12 julho 2016

ESTRATÉGIAS


Quando a crise veio para ficar, até os melros tiveram de alterar os seus hábitos alimentares. Como dizia nessa altura (http://upfc-colmeal.gois.blogspot.pt, 12 setembro de 2009), de repente, passaram a comer trinca de arroz e outros cereais, competindo com os restantes passaritos no consumo guloso dos mimos que lhes deitava, no chão. Eles que são omnívoros, mas preferem bichitos e gostam de os procurar, esgaravatando com o bico amarelo vivo dos machos e desmaiado das fêmeas! No tempo deles, uns morangos também servem!





Entretanto, na tentativa de proteger os pássaros da voracidade astuta dos gatos, improvisei - a carpintaria não é o meu forte! - um comedouro alto, onde passei a pôr-lhes a comida. Deste modo, mitiguei a vulnerabilidade dos pardais e afins, mas reacendi a desconfiança dos melros, que deixaram de comer. Bajoujas! Como se não comessem cerejas em cima da árvore! Paradoxalmente, sendo eles que costumam ser parasitados, deram em aproveitar as migalhas que a pequenada atira ao chão, ao pousar e ao levantar voo, apressada, do comedouro exíguo. Sempre com medo de avezar de novo os gatos, deliberadamente, eu própria costumo deixar cair alguma coisa quando reabasteço o comedouro. Bastante injusto, convenhamos, considerando o tamanho dos comensais de cima e de baixo!

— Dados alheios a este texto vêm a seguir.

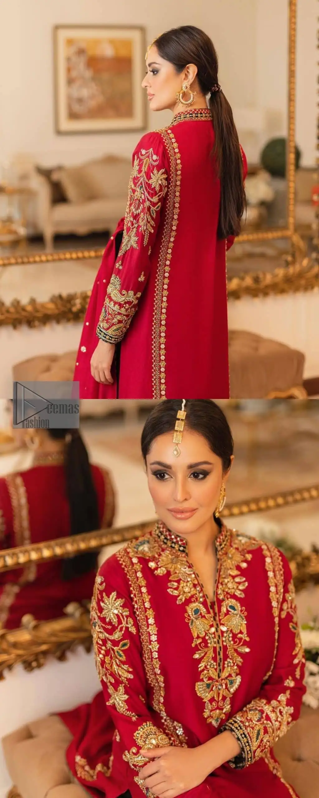 The forever favourite red dress is channelling your inner diva. A luxury long red shirt rendered with intimate embroidery in golden colour to make your party blazing and remembering. It is highlighted with tilla, dabka, kora, and pearls, the perfect blooming outfits in our collection. The collar neckline and full sleeves add attractiveness to the outfit. It comes with black pants for a more formal look at any precious event. The border of the pants is adorned with golden embroidery as well. End this look with a red dupatta embellished with a four-sided border, and sequins spray all over for your constant love of red.

Ou não, já que os pequenos são em muito maior número e diversidade. Como sempre!





Três anos passados, sem deixarem de preferir a terra firme, os melros perceberam hoje que, afinal, também podem usar o comedouro. Não morde, nem nada, concluíram, depois de o terem andado a observar, prevenida e atentamente, do alto do castanheiro mais próximo! Curiosamente, em época de procriação, tal como quando decidiram experimentar a trinca. O que os pais não fazem pelos filhos! 

Nas atuais circunstâncias, o recurso ao comedouro representa uma conquista para as aves, que descobriram mais uma estratégia de sobrevivência, e uma derrota para nós, que deixámos de salvaguardar o equilíbrio ambiental. 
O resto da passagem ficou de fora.